Background/Objectives: Evidence on the effectiveness of COVID-19 vaccination during pregnancy is limited. The aim of this study was to estimate vaccine effectiveness (VE) of COVID-19 mRNA vaccines used for primary (2-dose) and 1^st booster (3^rd dose) vaccination during pregnancy.

Methods: We emulated a target trial using primary care data from Spain (linked to hospital data) and the UK, and nationwide health registries from Norway and Sweden, all mapped to the OMOP Common Data Model. Pregnant individuals aged 12-55 with gestational age #2 34 weeks were included. VE of primary vaccination (2 doses, < 6 weeks apart) was compared to no dose; and 1st booster (3^rd dose) was compared to primary (2-dose) vaccination. Outcomes were COVID-19 infection, hospitalization and ICU admission (excluding delivery-related care). Vaccinated were matched 1:1 to unvaccinated peers through weekly sequential matching. We estimated the per-protocol effect (> 15 days post-vaccination) and censored individuals if not adherent to the vaccination regimen. We also censored at pregnancy end. We used standardized mean differences (SMD) to evaluate balance, and negative control outcomes (NCO) to detect residual bias. Hazard ratios (HR) were derived from Cox models and VE was estimated as 100x(1-HR). Results were meta-analysed using random-effects models. We stratified results by pregnancy trimester and vaccine brand.

Results: We included 62,061 and 41,096 exposed women at vaccination with a first and booster dose, respectively, who were matched with the same number of unexposed peers. Enrolment occurred in periods dominated by the Delta (primary vaccination) and Omicron (booster) variants. Median follow-up across databases was 42-55 days for primary vaccination and 73-116 days for boosters. SMDs showed good covariate balance, and NCO results were not suggestive of residual bias. Meta-analysis showed a VE of 26.2% (16.2-35.1; I² = 0.7) against infection and 55.6% (44.1-64.8; I² = 0) against hospitalization for primary vaccination. For boosters, VE was 33.6% (-1.6-56.6; I² = 1) and 34.1% (0.6-56.4; I² = 0.5), respectively. Event counts were insufficient to analyze ICU admissions. Results were consistent by pregnancy trimester and vaccine brand.
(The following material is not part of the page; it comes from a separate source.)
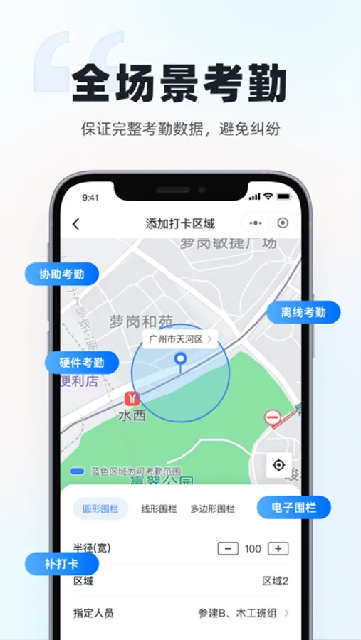 人脸识别+活体监测,保证本人亲自打卡,杜绝作弊。GPS电子围栏或手机+墨小盒精准定位,满足开放式和封闭式场景。手机没电可采用工友协助考勤,每台手机都是考勤机,更可实现离线考勤和海外项目考勤。
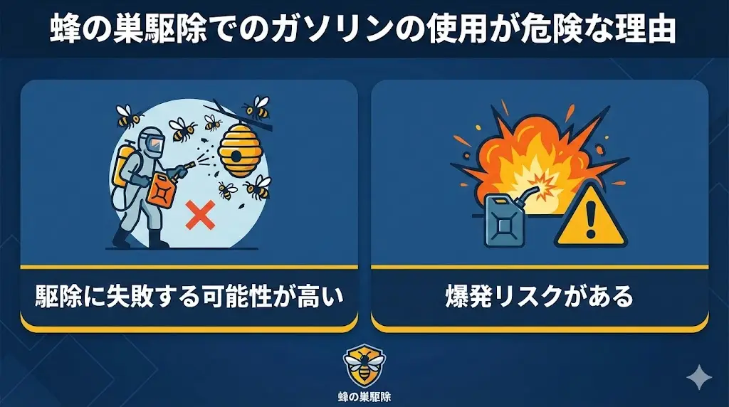 - ガソリン駆除は爆発・火災リスクが非常に高い

Conclusions/Recommendations: To our knowledge, this is the largest and longest follow-up study on COVID-19 VE in pregnancy. Vaccination with a primary (2-dose) or 1^st booster (3^rd dose) against COVID-19 during pregnancy was effective in preventing COVID-19 hospitalizations, with modest protection against infection.

Disclosures: FN reports research project support (paid to his institution, no personal fees) by Bayer, with no relation to the work reported here. FN owns some AstraZeneca shares.